• _Task statement_
When you reach a picture, pass over it; otherwise repeat the listing word for word.
= Beginning of Section =
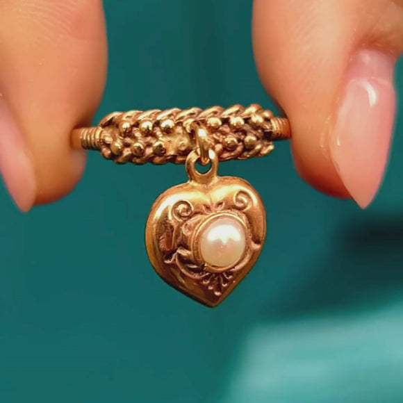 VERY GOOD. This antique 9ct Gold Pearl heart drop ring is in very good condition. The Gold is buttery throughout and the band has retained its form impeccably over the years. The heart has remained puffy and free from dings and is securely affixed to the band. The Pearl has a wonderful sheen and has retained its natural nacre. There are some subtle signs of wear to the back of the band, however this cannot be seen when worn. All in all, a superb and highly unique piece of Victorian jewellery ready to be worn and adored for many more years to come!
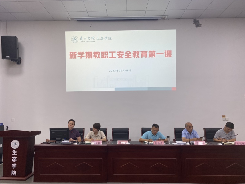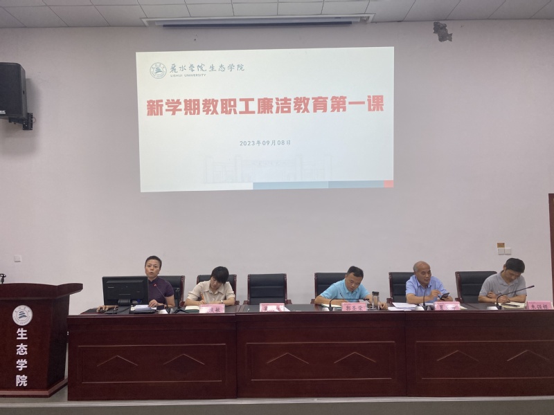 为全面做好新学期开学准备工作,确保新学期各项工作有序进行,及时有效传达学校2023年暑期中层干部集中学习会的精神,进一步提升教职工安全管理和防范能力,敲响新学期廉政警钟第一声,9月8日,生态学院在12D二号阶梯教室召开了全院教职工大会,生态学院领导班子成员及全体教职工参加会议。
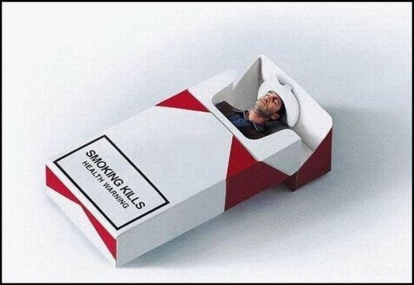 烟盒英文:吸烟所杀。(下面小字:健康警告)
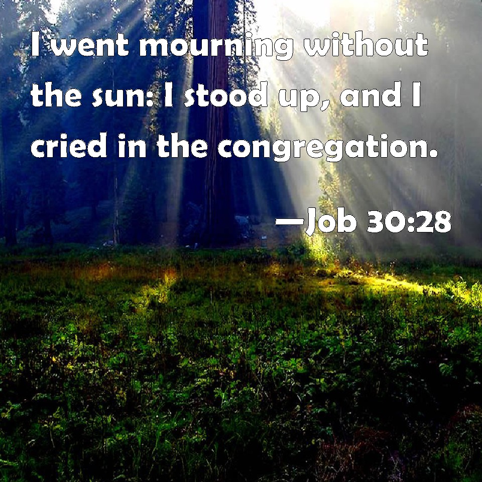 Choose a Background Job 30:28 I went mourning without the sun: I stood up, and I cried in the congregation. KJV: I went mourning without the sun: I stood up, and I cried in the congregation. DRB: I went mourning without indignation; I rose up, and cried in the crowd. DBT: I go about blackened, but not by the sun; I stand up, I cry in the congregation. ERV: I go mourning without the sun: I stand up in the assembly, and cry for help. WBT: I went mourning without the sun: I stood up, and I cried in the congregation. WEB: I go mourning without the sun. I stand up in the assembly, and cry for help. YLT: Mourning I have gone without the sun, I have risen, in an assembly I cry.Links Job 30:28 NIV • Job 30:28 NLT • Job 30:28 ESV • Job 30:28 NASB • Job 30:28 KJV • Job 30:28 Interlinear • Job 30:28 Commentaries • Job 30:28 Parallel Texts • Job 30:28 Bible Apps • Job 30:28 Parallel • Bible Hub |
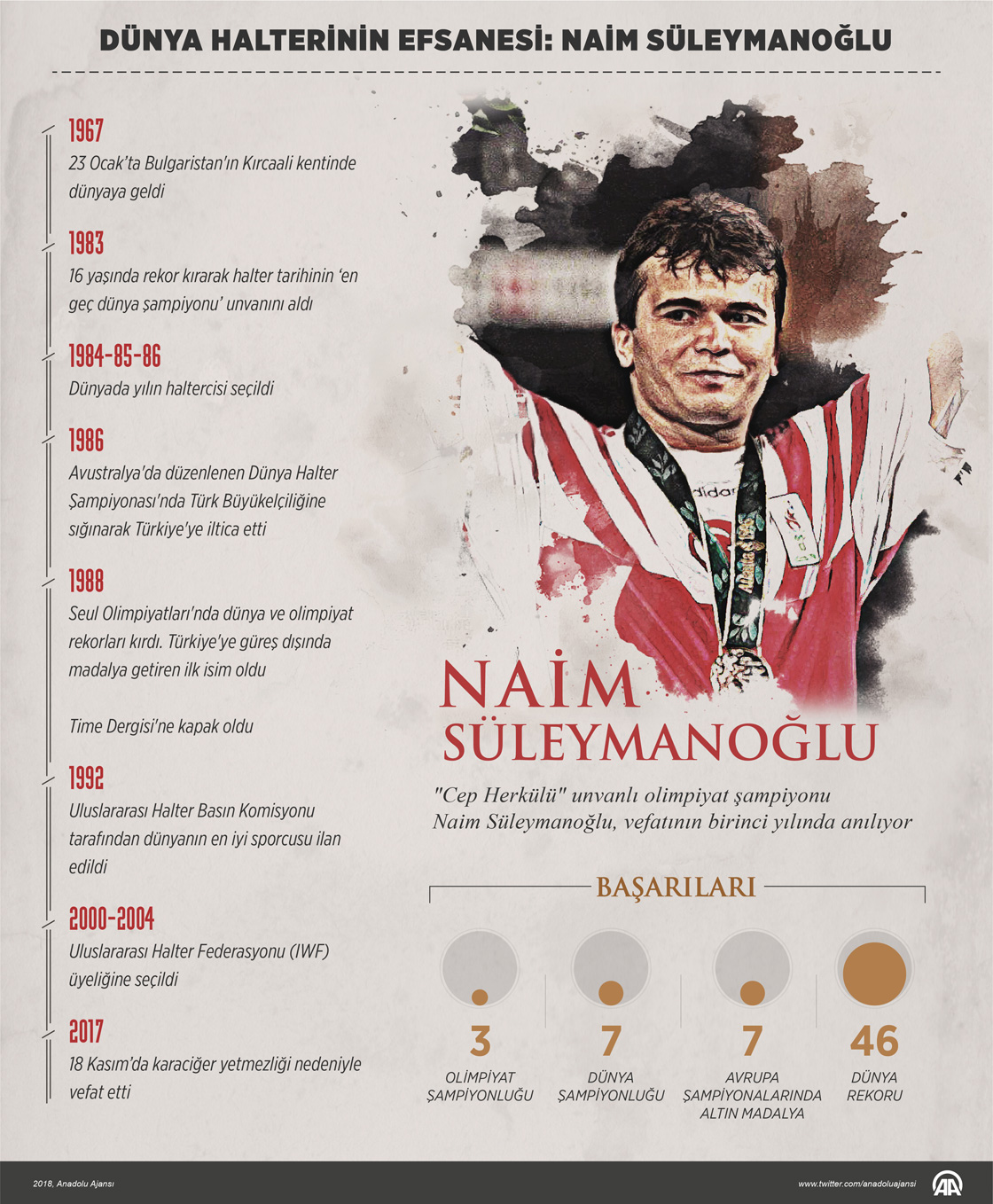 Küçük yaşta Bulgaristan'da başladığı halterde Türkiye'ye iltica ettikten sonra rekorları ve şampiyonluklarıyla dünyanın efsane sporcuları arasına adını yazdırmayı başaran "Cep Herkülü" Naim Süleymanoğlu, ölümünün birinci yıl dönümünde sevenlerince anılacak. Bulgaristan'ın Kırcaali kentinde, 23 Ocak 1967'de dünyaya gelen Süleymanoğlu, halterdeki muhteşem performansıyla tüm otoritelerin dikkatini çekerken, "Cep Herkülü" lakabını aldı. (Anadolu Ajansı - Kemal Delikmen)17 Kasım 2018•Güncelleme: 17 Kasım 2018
= End of Section =
• _Your solution_
 VERY GOOD. This antique 9ct Gold Pearl heart drop ring is in very good condition. The Gold is buttery throughout and the band has retained its form impeccably over the years. The heart has remained puffy and free from dings and is securely affixed to the band. The Pearl has a wonderful sheen and has retained its natural nacre. There are some subtle signs of wear to the back of the band, however this cannot be seen when worn. All in all, a superb and highly unique piece of Victorian jewellery ready to be worn and adored for many more years to come!
 为全面做好新学期开学准备工作,确保新学期各项工作有序进行,及时有效传达学校2023年暑期中层干部集中学习会的精神,进一步提升教职工安全管理和防范能力,敲响新学期廉政警钟第一声,9月8日,生态学院在12D二号阶梯教室召开了全院教职工大会,生态学院领导班子成员及全体教职工参加会议。
 烟盒英文:吸烟所杀。(下面小字:健康警告)
 Choose a Background Job 30:28 I went mourning without the sun: I stood up, and I cried in the congregation. KJV: I went mourning without the sun: I stood up, and I cried in the congregation. DRB: I went mourning without indignation; I rose up, and cried in the crowd. DBT: I go about blackened, but not by the sun; I stand up, I cry in the congregation. ERV: I go mourning without the sun: I stand up in the assembly, and cry for help. WBT: I went mourning without the sun: I stood up, and I cried in the congregation. WEB: I go mourning without the sun. I stand up in the assembly, and cry for help. YLT: Mourning I have gone without the sun, I have risen, in an assembly I cry.Links Job 30:28 NIV • Job 30:28 NLT • Job 30:28 ESV • Job 30:28 NASB • Job 30:28 KJV • Job 30:28 Interlinear • Job 30:28 Commentaries • Job 30:28 Parallel Texts • Job 30:28 Bible Apps • Job 30:28 Parallel • Bible Hub |
 Küçük yaşta Bulgaristan'da başladığı halterde Türkiye'ye iltica ettikten sonra rekorları ve şampiyonluklarıyla dünyanın efsane sporcuları arasına adını yazdırmayı başaran "Cep Herkülü" Naim Süleymanoğlu, ölümünün birinci yıl dönümünde sevenlerince anılacak. Bulgaristan'ın Kırcaali kentinde, 23 Ocak 1967'de dünyaya gelen Süleymanoğlu, halterdeki muhteşem performansıyla tüm otoritelerin dikkatini çekerken, "Cep Herkülü" lakabını aldı. (Anadolu Ajansı - Kemal Delikmen)17 Kasım 2018•Güncelleme: 17 Kasım 2018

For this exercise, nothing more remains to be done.